Sally Dupré, Sally Dupré,
Heart and body like sea-blown spray,
I cannot forget you, night or day.
So Wingate pondered in Wingate Hall,
And hated and loved in a single breath,
As he tried to unriddle the doubtful scrawl
Of war and courage and love and death,
And then was suddenly nothing but sleep—
And tomorrow they marched—to a two-months chasing
Of Yankees running away like sheep
And peace in time for the Macon racing.
He got in his bed. Where the moonlight poured,
It lay like frost on a sleeping sword.
It was stuffy at night in the cabins, stuffy but warm.
And smells are a matter of habit. So, if the air
Was thick as black butter with the commingled smells
Of greens and fried fat and field-sweat and heavy sleep,
The walls were well-chinked, the low roof kept out the rain.

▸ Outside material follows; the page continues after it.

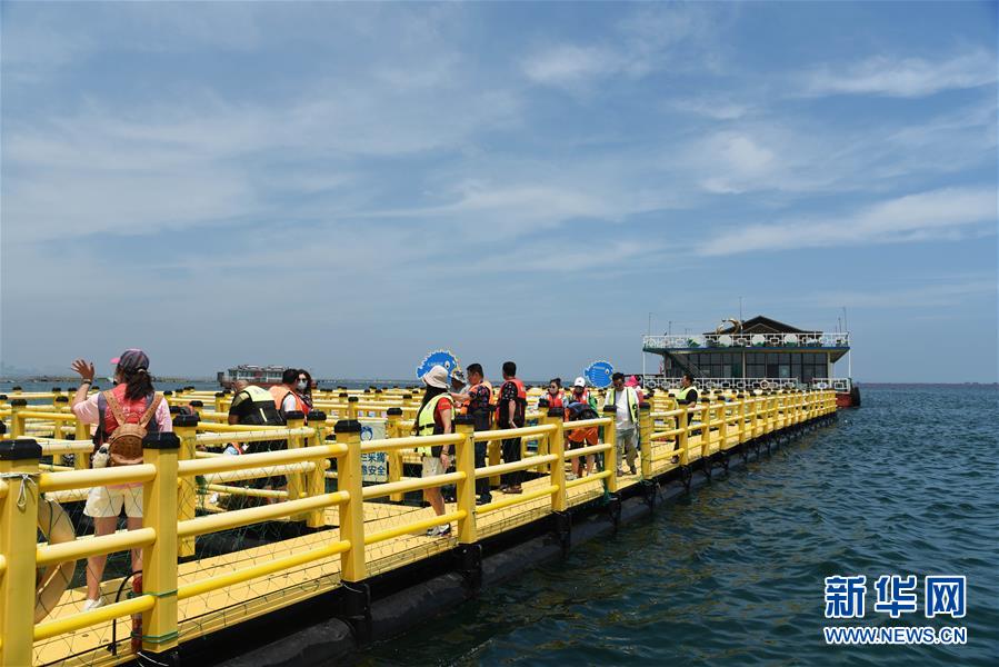 7月17日,游客在榮成桑溝灣泓泰國(guó)家級(jí)海洋牧場(chǎng)觀光體驗(yàn)。近年來(lái),山東省榮成市重點(diǎn)發(fā)展特色海洋旅游產(chǎn)業(yè),打造眾多國(guó)家級(jí)海洋牧場(chǎng),保留修復(fù)傳統(tǒng)海草民居,吸引游客前來(lái)觀光體驗(yàn)。如今特色海洋旅游已逐漸成為榮成經(jīng)濟(jì)發(fā)展新的增長(zhǎng)點(diǎn)。新華社記者王凱攝

Not like the tumble-down cabins at Zachary’s place
Where the field-hands lived all year on hominy-grits
And a piece of spoiled pork at Christmas. But Zachary
Was a mean man out of the Bottoms, no quality to him.
Wingate was quality. Wingate cared for its own.
A Wingate cabin was better than most such cabins,
You might have called it a sty, had they set you there;
A Middle Age serf might have envied the well-chinked walls.
While as for its tenants then, being folk unversed
In any law but the law of the Wingate name,
They were glad to have it, glad for Fire on the hearth,
A roof from the dark-veined wind. Their bellies were warm
And full of food. They were heavy in love with each other.
They liked their cabin and lying next to each other,
Long nights of winter when the slow-burning pine-knots
Danced ghosts and witches over the low, near ceiling,
Short nights of summer, after the work of the fields,
When the hot body aches with the ripened sweetness
And the children and the new tunes are begotten together.
“What you so wakeful for, black boy?” “Thinkin’, woman.”